Reading Group Questions
1.) How do you think Ewa's life would have turned out had Andrezj not been killed? Do you think Ewa would have stayed married to him? Do you think that after Ewa's miscarriage, he was truly being genuine in wanting to turn a new leaf in regards to their marriage/being a better husband and father?
2.) Love is a theme throughout the course of The Tears of Yesteryear-not just the love between Ewa and Lukasz but also the love that Ewa had for Mikolaj, Stefania and Jaroslaw, not to mention, Agata, the girl who became Ewa's sister of sorts. Discuss the significance of that feeling as it is laid out in the book.
3.) Were you at all familiar with Pittsburgh's immigrant history at the turn of the last century? What did you find most surprising/shocking/appalling/ and perhaps even horrifying?
4.) What scene from the book shocked you the most? Alternatively, what scene from the book broke your heart?
5.) Some reviewers have called The Tears of Yesteryear to be a very sad and depressing book. Were you as a reader able to not be consumed by the book's dark moments but rather to appreciate the unimaginable lives and sacrifices the immigrants made on a daily basis, especially the women? And could you take away that "rosey" moments for the immigrants were few and far between, and that tragedy, whether in the form of mill accidents, death in childbirth, death of a child (or two) was tragically common.
6.) Do you think Uncle Josef was truly remorseful in the role he played in bringing Ewa to America, considering that Manya died on the voyage there and Ewa never saw her babcia again even though by the time he left Homestead, Ewa was happily married to Lukasz and expecting a child with him.
7.) What did you think of learning that Ewa was inspired by the life of the author's own great-grandmother? Did that change your perception in any way of the novel?
8.) Eastern and Central European immigrants to America at the turn of the last century rarely "made it." Their lives and often the lives of their children remained bleak and difficult. Knowing what you know about life in 1900s America for immigrants, would you still want to come here and attempt to make a new life, one free of the confines, politics, and unjust realities of the Old World. Or would you stay where you were?

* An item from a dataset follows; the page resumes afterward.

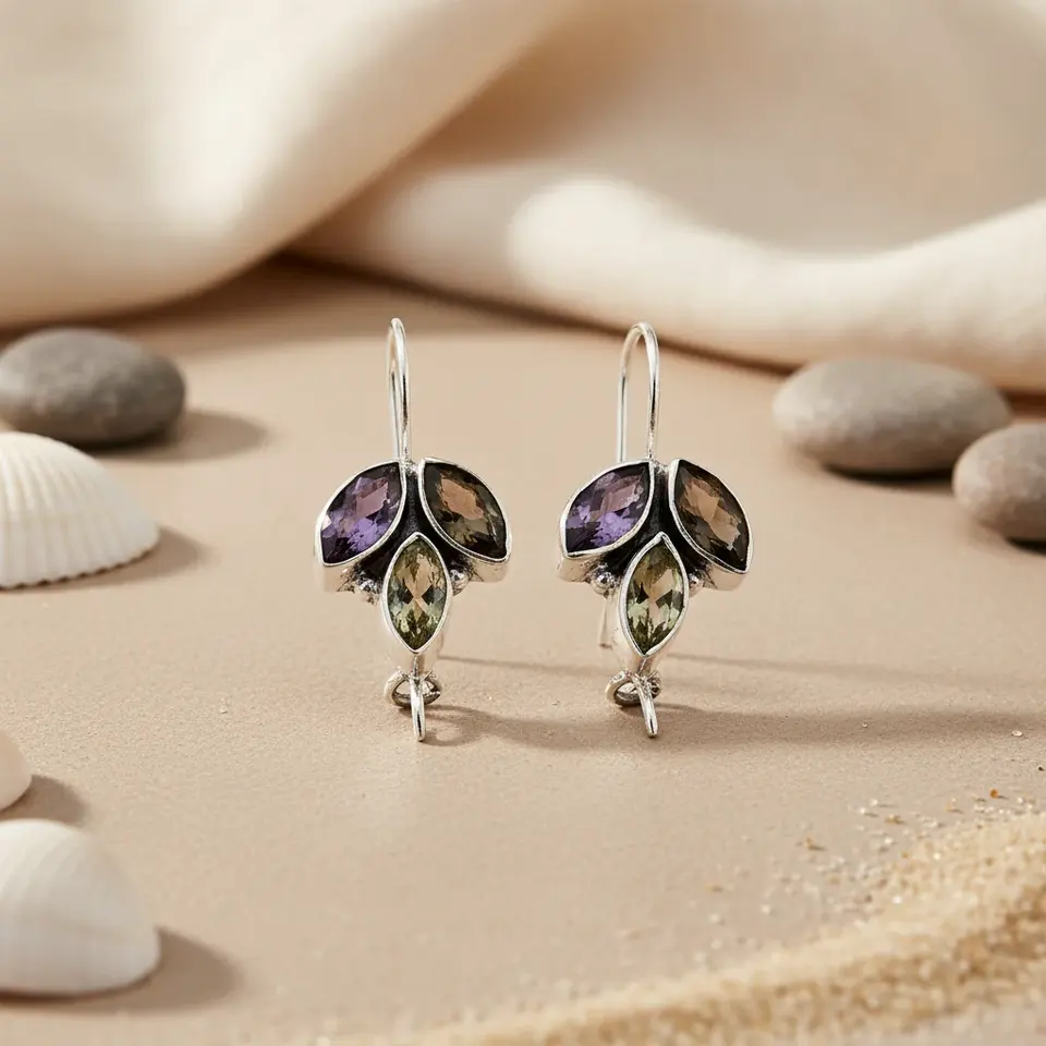 925 Silver Gemstone Leaf Drop Earrings for Women Gold Plated Diamond Dangle Earrings Geometric Pattern for Wedding Party Gift

9.) Were you aware of the early labor movement in Homestead and its struggles, specifically the 1892 Strike that Jaroslaw and even Lukasz witnessed first-hand? Do you think the immigrant mill workers were just in their striking/do you think Andrew Carnegie and Henry Clay Frick should have been held legally responsible for the workers who were killed by the Pinkertons? Do you believe that Carnegie and Frick essentially got off scot-free?